Because the affidavits demonstrate that the IRS’s purpose in withholding the documents fell within the sphere of its law enforcement authority and that their release could interfere with their enforcement procedures, withholding of the documents under Exemption 7(A) was proper. The district court, reviewing the question de novo, agreed with the IRS that Exemption 7(A) applied, that the IRS has demonstrated that the documents relate to an ongoing criminal investigation, and that their premature release “would jeopordize future enforcement proceedings.” NLRB v.

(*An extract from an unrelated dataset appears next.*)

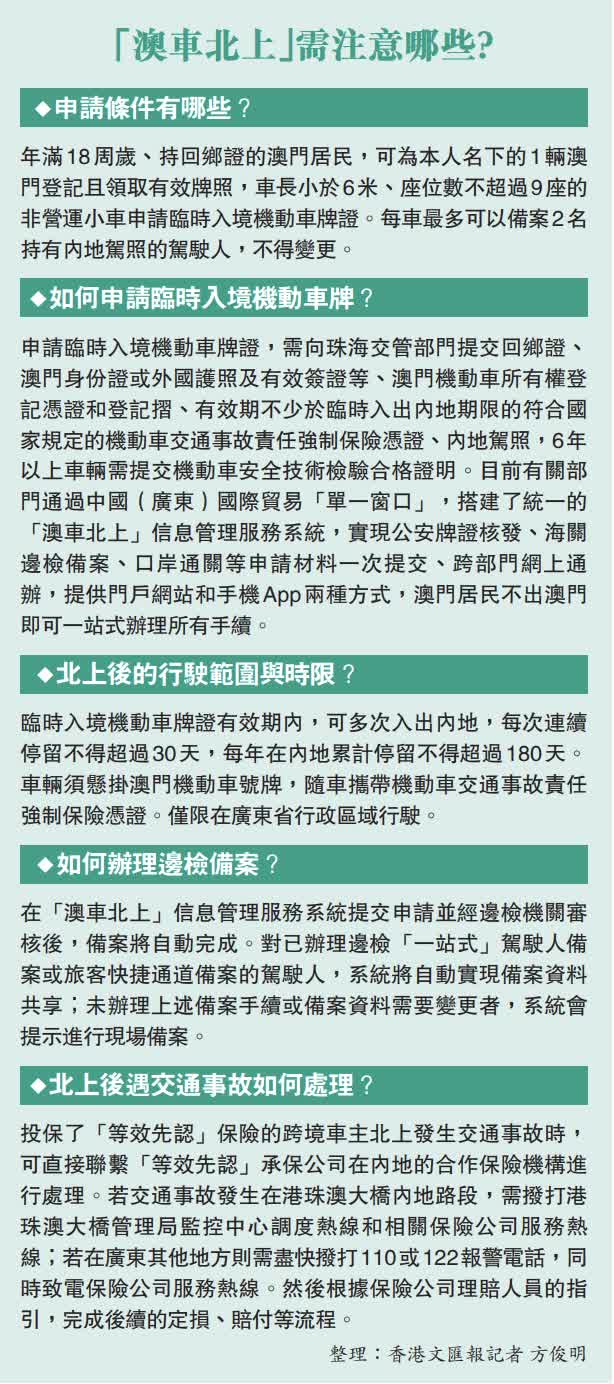「隨着全面放開澳門機動車經港珠澳大橋珠海公路口岸入出內地(簡稱『澳車北上』)政策實施,預計約8萬澳門私家車車主可享受這個政策紅利。」鄧正雨表示,「澳車北上」降低了申請門檻、簡化申辦手續,跨境通行也更便利。

Robbins Tire & Rubber Co., 437 U.S. 214, 235, 98 S.Ct. 2311, 2323, 57 L.Ed.2d 159 (1978). We agree with the reasoning of the Eight Circuit in a case nearly “on all fours”: “Under exemption 7(A) the government is not required to make a specific factual showing with respect to each withheld document that disclosure would actually interfere with a particular enforcement proceeding.” Barney, 618 F.2d at 1273 (emphasis added). The IRS need only make a general showing that disclosure of its investigatory records would interfere with its enforcement proceedings. Robbins Tire & Rubber Co., 437 U.S. at 224-25, 234-37, 98 S.Ct. 2323-24. Congress intended that Exemption 7(A) would allow “the federal courts [to] deter-minen that, with respect to particular kinds of enforcement proceedings, disclosure of particular kinds of investigatory records while a case is pending would generally ‘interfere with enforcement proceedings.’ ” Id. at 236, 98 S.Ct. at 2324. The district court properly recognized that the IRS had done so in this case.
Finally, we note that the purpose of a Vaughn index is to aid a district court in its ruling on claimed exemptions to FOIA. Vaughn, 484 F.2d at 827. When, as is the case here, a claimed FOIA exemption is based on a general exclusion, such as Exemption 7(A)’s criminal investigation exclusion, which is dependent on the category of the requested records rather than the individual subject matters contained within each document, a Vaughn index is futile. Church of Scientology v. IRS, 792 F.2d 146, 152 (D.C.Cir.1986) (Scalia, J.); see Campbell, 682 F.2d at 265 (government is required to provide affidavits but not Vaughn index to establish applicability of Exemption 7(A)). Moreover, a Vaughn index of the documents here would defeat the purpose of Exemption 7(A). It would aid Lewis in discovering the exact nature of the documents supporting the government’s case against him earlier than he otherwise would or should. “FOIA was not intended to function as a private discovery tool, ... [and] we cannot see how FOIA’s purposes would be defeated by deferring disclosure until after the Government has ‘presented its case in court.’ ” Robbins Tire & Rubber Co., 437 U.S. at 242, 98 S.Ct. at 2327 (emphasis in original).